Editorial image credit: 22 TREE HOUSE / Shutterstock.com
A sophisticated malware campaign dubbed DogeRAT has been observed spoofing an Android banking, financial services and insurance (BFSI), e-commerce and entertainment app.
Discovered by security researchers at CloudSEK, this malicious campaign relies on open-source Android malware to compromise victims’ devices and extract sensitive information such as contacts, messages, and bank account details. Get
Upon installation, the malware requires various permissions, including access to call and audio recordings, reading SMS messages, media, and photos.
These are then used to manipulate the device and perform malicious activities such as sending spam messages, fraudulent payments, modifying files, taking pictures with the camera without the user’s knowledge.
CloudSEK threat intelligence researcher Anshuman Das explained, “This campaign is a stark reminder of the financial motivation of the scammers to continually evolve their tactics.”

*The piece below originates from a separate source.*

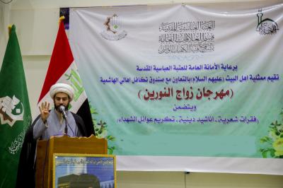 Der Haschemitische Bezirk in der Provinz Babylon veranstaltete unter der Schirmherrschaft des Heiligen Abbassitischen Schreins das Al-Nourayn-Hochzeitsfest, das von der Sektion für Hochschul- und Schulbeziehungen der Abteilung für Öffentlichkeitsarbeit in Zusammenarbeit mit dem Vertreter der Ahl al-Bayt (Friede mit ihnen) in der Justiz und ihrem Solidaritätsfonds organisiert wurde.

“They are not limited to creating phishing websites, but also distributing modified RATs and reusing malicious apps to run low-cost, easy-to-set-up yet highly lucrative fraudulent campaigns. can also do.”
DogeRAT is promoted through Telegram Channels by its creators. Telegram Channels offers a premium version of his malware for around $30 with additional features like taking screenshots, stealing images, and functioning as a keylogger.

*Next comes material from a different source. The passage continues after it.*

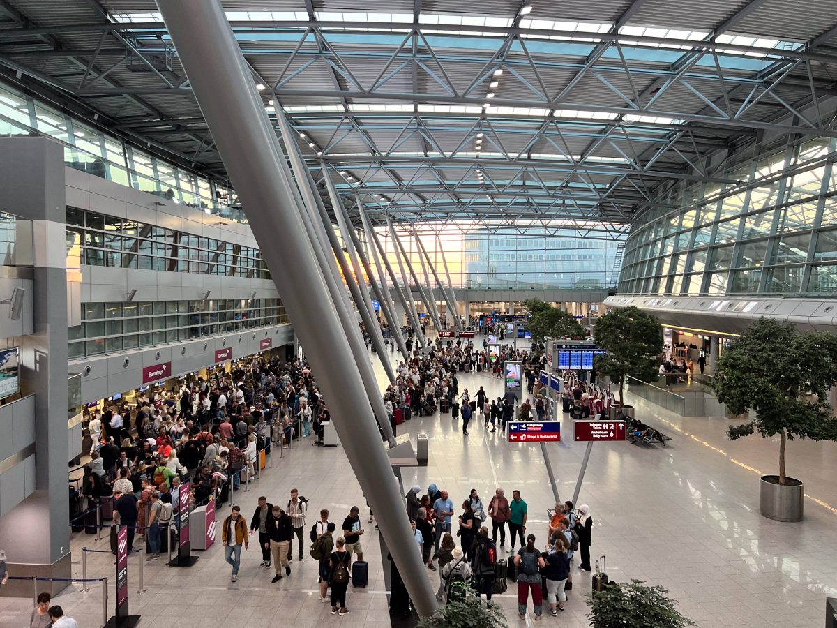 Bei diesen Menschenmassen kann es schwer werden, den Überblick zu bewahren – oder auf sich aufmerksam zu machen, wenn man im chaotischen Flughafenbetrieb Hilfe benötigt. Eine neue Maßnahme des Düsseldorfer Airports soll aber genau das für eine ganz bestimmte Personengruppe nun vereinfachen.

Android Threat Deep Dive: New Android Banking Trojan ‘Nexus’ Promoted as MaaS
The developer of this malware has also created a GitHub repository to host it with video tutorials and a comprehensive list of features.

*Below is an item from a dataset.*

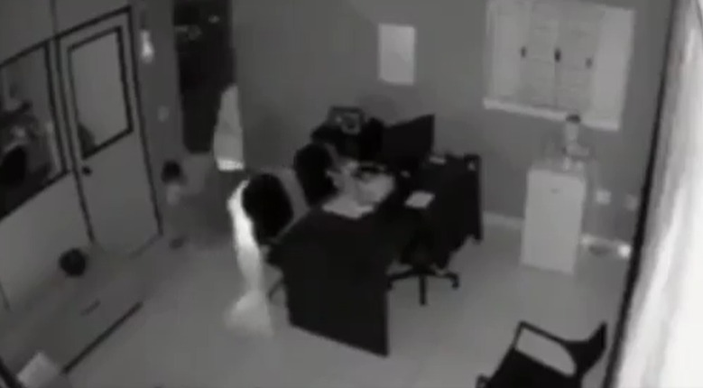 Ao ser surpreendido pelo suspeito revirando a mesa de uma sala, o dono da loja atira no homem. Depois, outro homem também aparece armado por outra porta.

DogeRAT works using Java-based server-side code written in NodeJs to enable communication between the malware and the Telegram bot.
Then use a web view to display the URL of the target entity to make it look more legitimate.
To guard against this risk, experts recommend developing a habit of clicking links and attachments carefully, updating your software regularly, using security solutions, and being aware of common scam indicators. I suggest educating yourself about malware.
The CloudSec advisory came just days after ESET security researchers revealed another trojanized Android app that had been installed thousands of times.